[Opening Records section]

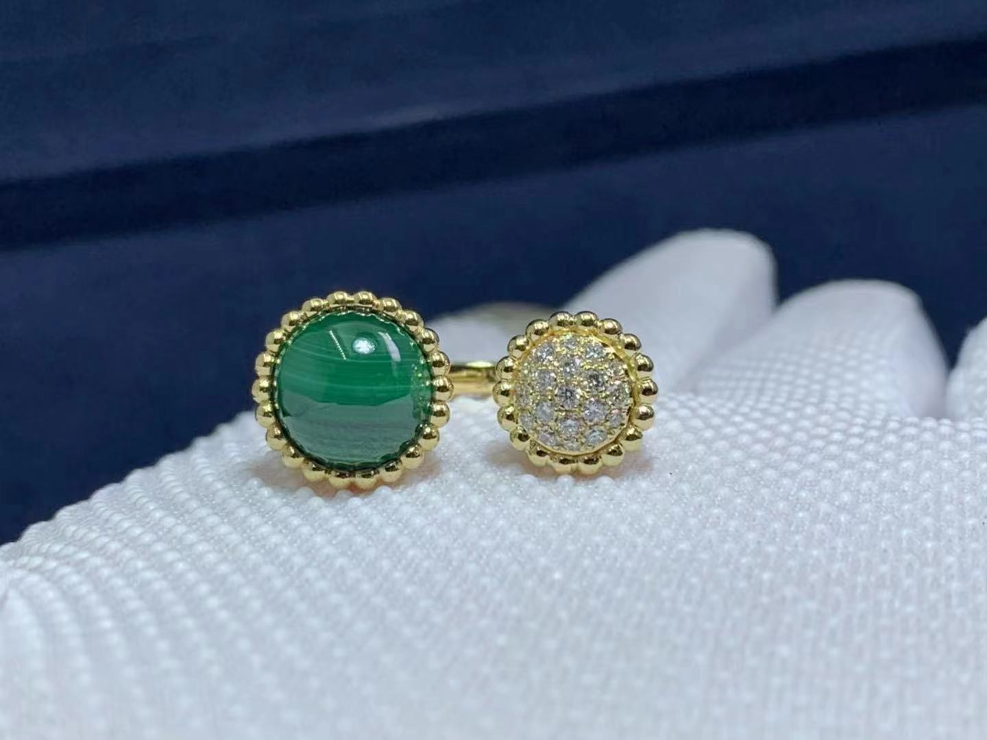Perlée couleurs Between the Finger ring, yellow gold, malachite, round diamonds; diamond quality DEF, IF to VVS.
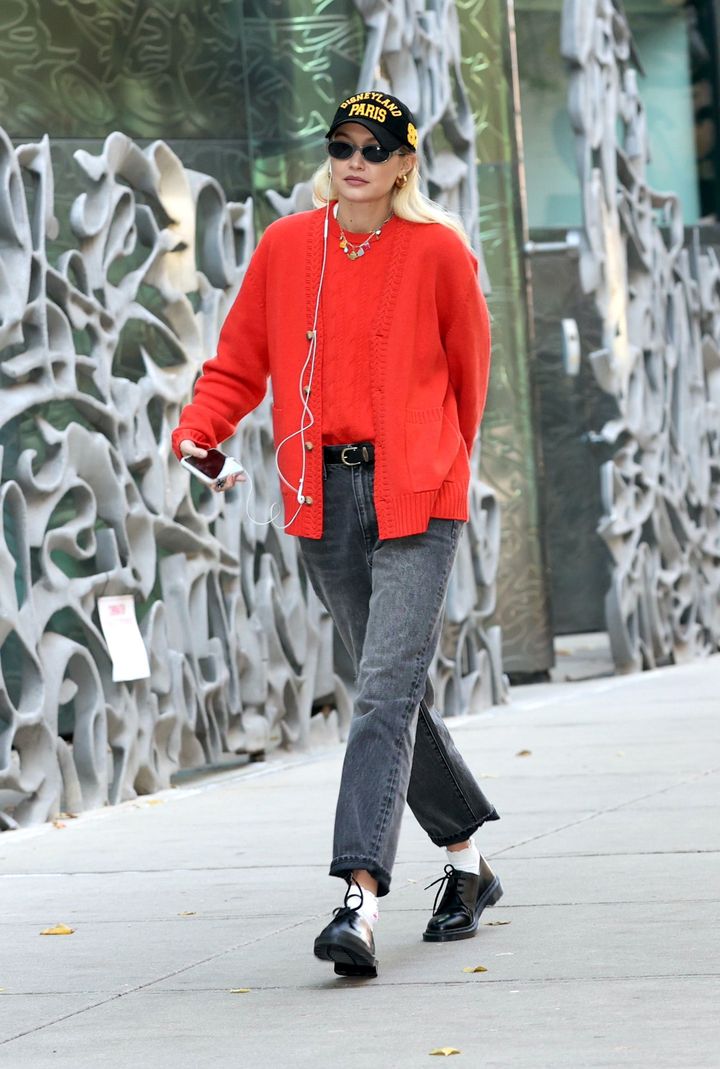 デニムがシンプルなら、セーターで遊ぶ余白が生まれる。大胆なデザインのニットを取り入れるだけで、一気に計算されたコーディネートに格上げされる。ジジ・ハディッドも、そのセオリーをよく知るひとりだ。
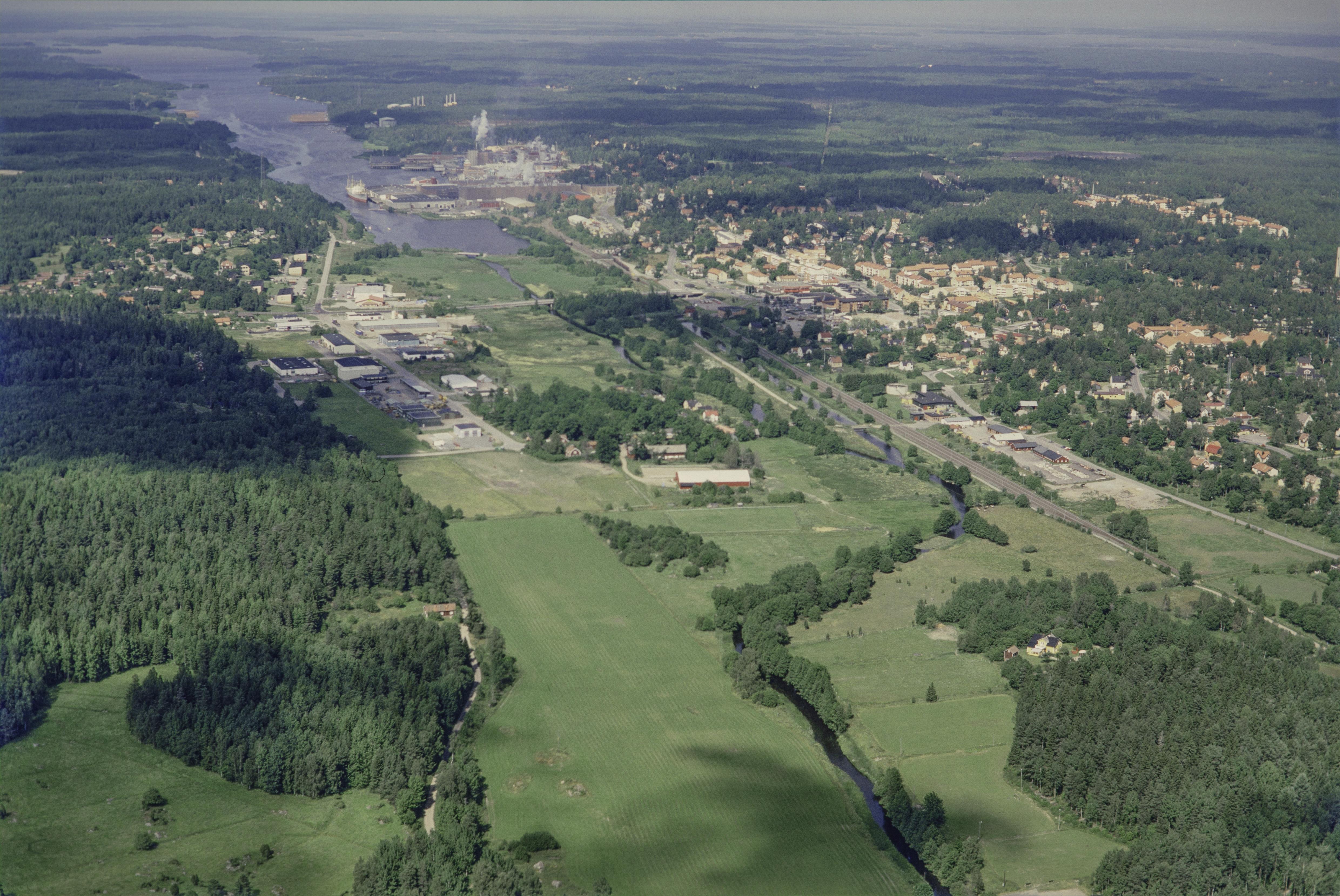 Beskrivning: Vid bildens mitt Skeboåns utlopp i Edeboviken vid pappersbruket i Hallstaviks tätort. Bilden är tagen mot (väderstreck): NNO
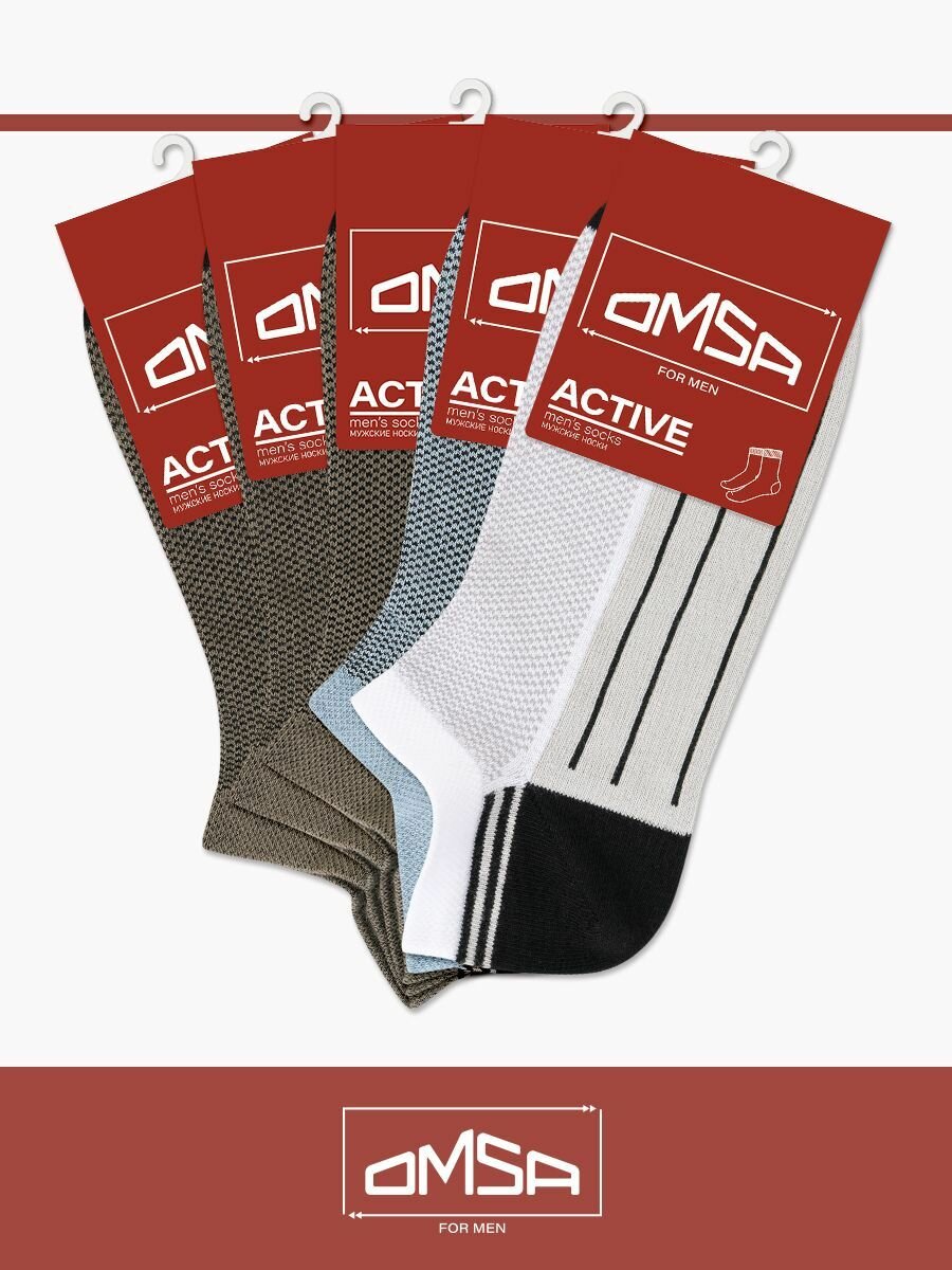 10 цен на Носки мужские, OMSA ACTIVE 109, короткие, с рисунком, с принтом, из хлопка, Blu Сhiaro/Grigio Chiaro/3Militari 39-41, набор – 5 пар
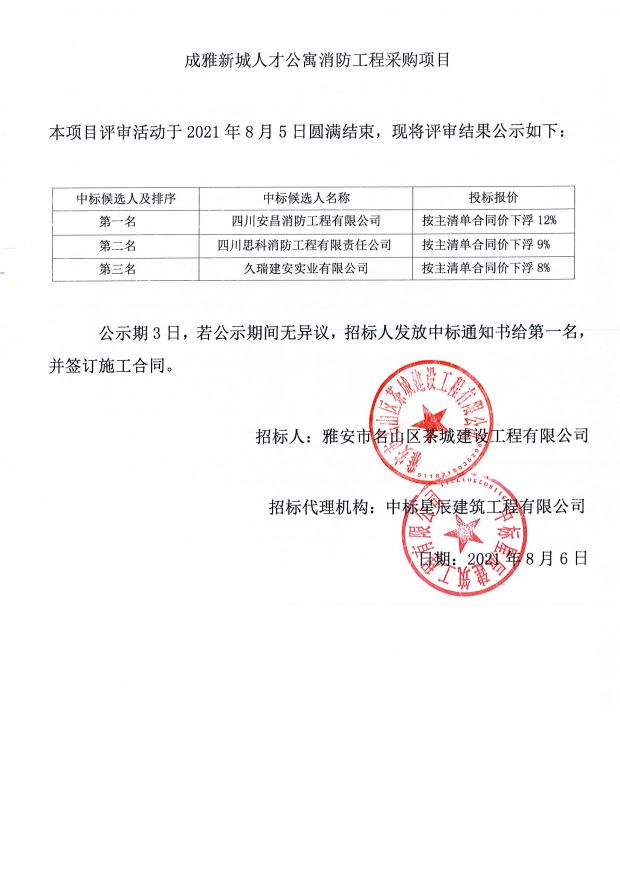 成雅新城人才公寓消防工程采購項目中標(biāo)公示
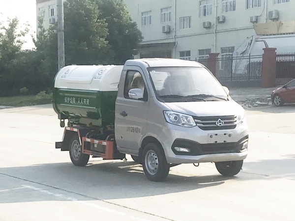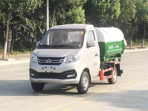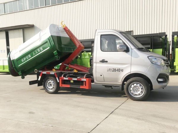 車廂可卸載式垃圾車,又稱勾臂式垃圾車、拉臂式垃圾車。該車廣泛適用與城市街道學校垃圾處理,可一車配備多個斗,各個垃圾點放置多個,帶自卸功能,液壓操作,方便傾倒。在平日里可將車載垃圾箱放置到各個垃圾收集站,待垃圾收集滿后,該車可直接開赴至垃圾站,通過液壓系統的操控,可將垃圾車后座上加裝的勾臂放下,掛住站內垃圾箱前端的連接點,將垃圾箱拉至車體的后座上,此時即可啟動車輛,將垃圾運送至垃圾處理站內,進行自卸式傾倒。該車主要的優點就是可一車配多斗,一輛車就可以維持數個垃圾收集站的運轉,效率高,且箱體為密封式設計,不會造成二次污染。
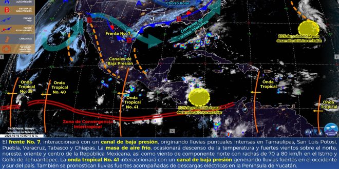 MÉRIDA, Yuc., 16 de octubre 2020.- Se prevé que durante esta tarde, el ingreso de humedad y un canal de baja presión al sur de la península de Yucatán favorezcan el desarrollo de nublados con probabilidad de intervalo de chubascos con tormentas fuertes en el norte y centro de Quintana Roo, en el centro y sur de Campeche, así como en el noreste y oriente de Yucatán, mientras que en el resto de la región las lluvias serán de menor intensidad. Las temperaturas serán calurosas durante el día y cálidas al amanecer, con vientos del norte-noreste de 15 a 25 km/h y rachas superiores a 45 km/h en zonas costeras.
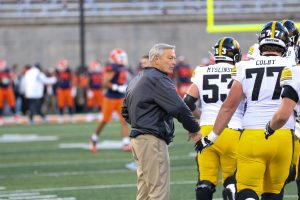 Kirk Ferentz has a serious problem that just keeps getting worse in that the situation on offense is beyond ridiculous, the latest evidence being Saturday’s 9-6 loss at Illinois in which the Fighting Illini, who are coached by former Hawkeye nose guard Bret Bielema, won despite committing three turnovers, and despite losing their starting quarterback to an injury late in the first quarter.
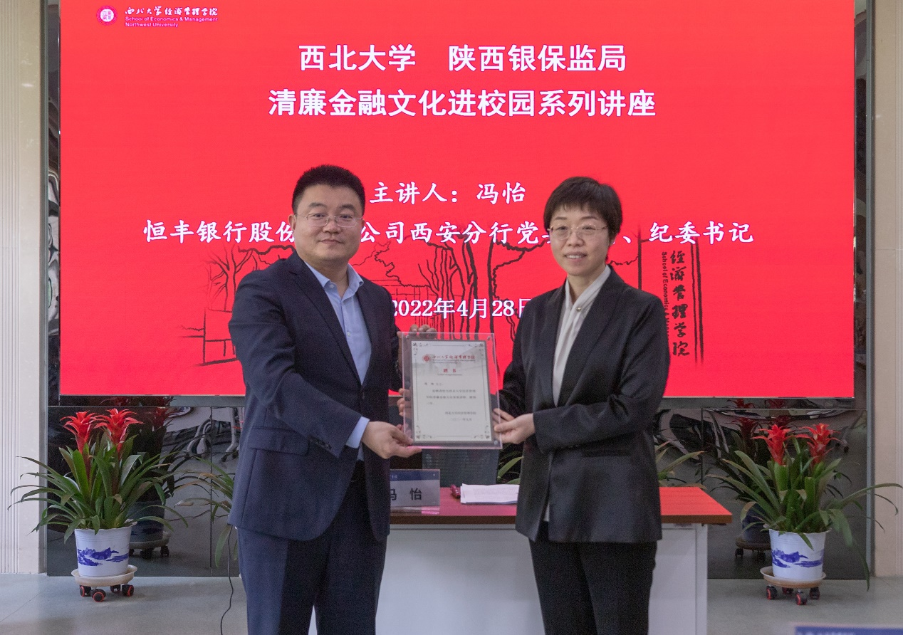 按照西北大学与陕西银保监局开展清廉金融文化共建活动的安排,4月28日,恒丰银行西安分行党委委员、纪委书记冯怡应邀到校,为776net必赢官网师生做了本学期清廉金融文化系列讲座的第三讲,题为《廉洁文化进校园、清风正气润心田》。西北大学党委副书记、纪委书记,陕西省监察委员会驻西北大学监察专员李邦邦,西北大学党委常委、副校长、776net必赢官网院长吴振磊,陕西银保监局纪委办张津崇,恒丰银行西安分行陈蕾、王勃,776net必赢官网党委书记杜勇和学院40余名师生出席了本次活动。李邦邦致辞,吴振磊为冯怡颁发清廉金融文化客座讲师聘书,讲座由杜勇主持。
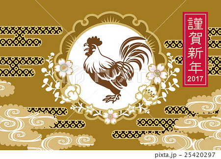 2017年 酉年年賀状 雄鶏と雲模様 金色
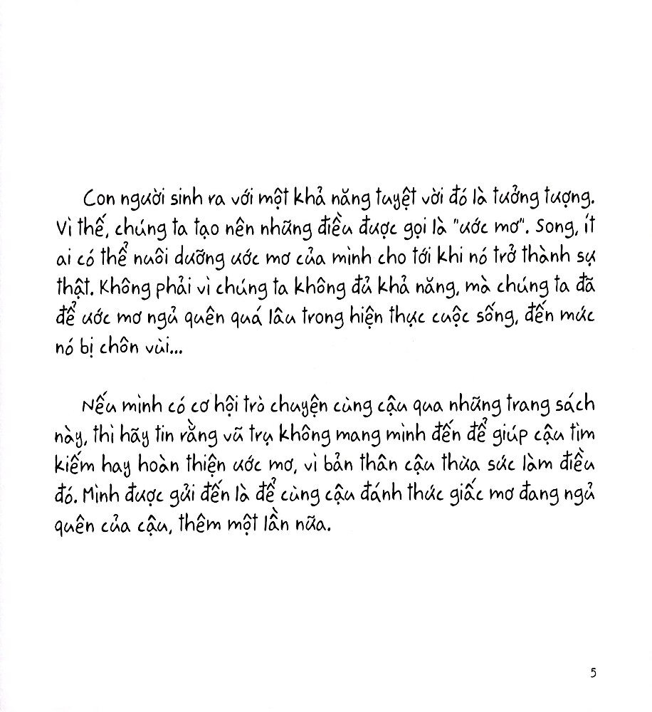 Nếu mình có được cơ hội trò chuyện cùng cậu qua những trang sách này thì hãy tin rằng vũ trụ không mang mình đến để giúp cậu tìm kiếm hay hoàn thiện ước mơ, vì bản thân cậu thừa sức làm được điều đó. Mình được gửi đến là để cùng cậu đánh thức giấc mơ đang ngủ quên của cậu, một lần nữa.
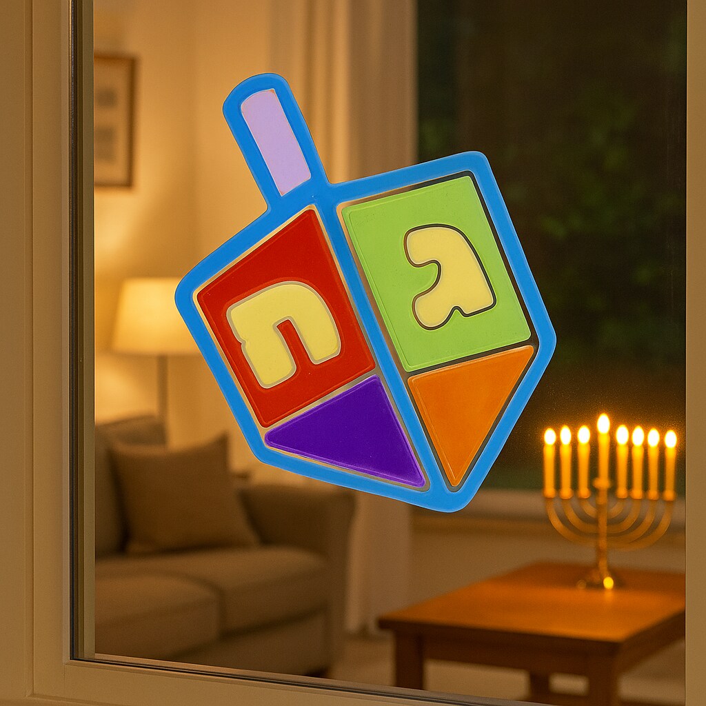 Dreidel Window Gel Decoration, Chanukah Reusable Window Cling

[Closing Records section]

- Instructions for the task -
Your answer must be the exact lines from the records above, from the one containing "成雅新城人才公寓消防工程采購項目中標(biāo)公示" through the one containing "車廂可卸載式垃圾車,又稱勾臂", both included, with every picture left out.

- Task solution -
 成雅新城人才公寓消防工程采購項目中標(biāo)公示
 車廂可卸載式垃圾車,又稱勾臂式垃圾車、拉臂式垃圾車。該車廣泛適用與城市街道學校垃圾處理,可一車配備多個斗,各個垃圾點放置多個,帶自卸功能,液壓操作,方便傾倒。在平日里可將車載垃圾箱放置到各個垃圾收集站,待垃圾收集滿后,該車可直接開赴至垃圾站,通過液壓系統的操控,可將垃圾車后座上加裝的勾臂放下,掛住站內垃圾箱前端的連接點,將垃圾箱拉至車體的后座上,此時即可啟動車輛,將垃圾運送至垃圾處理站內,進行自卸式傾倒。該車主要的優點就是可一車配多斗,一輛車就可以維持數個垃圾收集站的運轉,效率高,且箱體為密封式設計,不會造成二次污染。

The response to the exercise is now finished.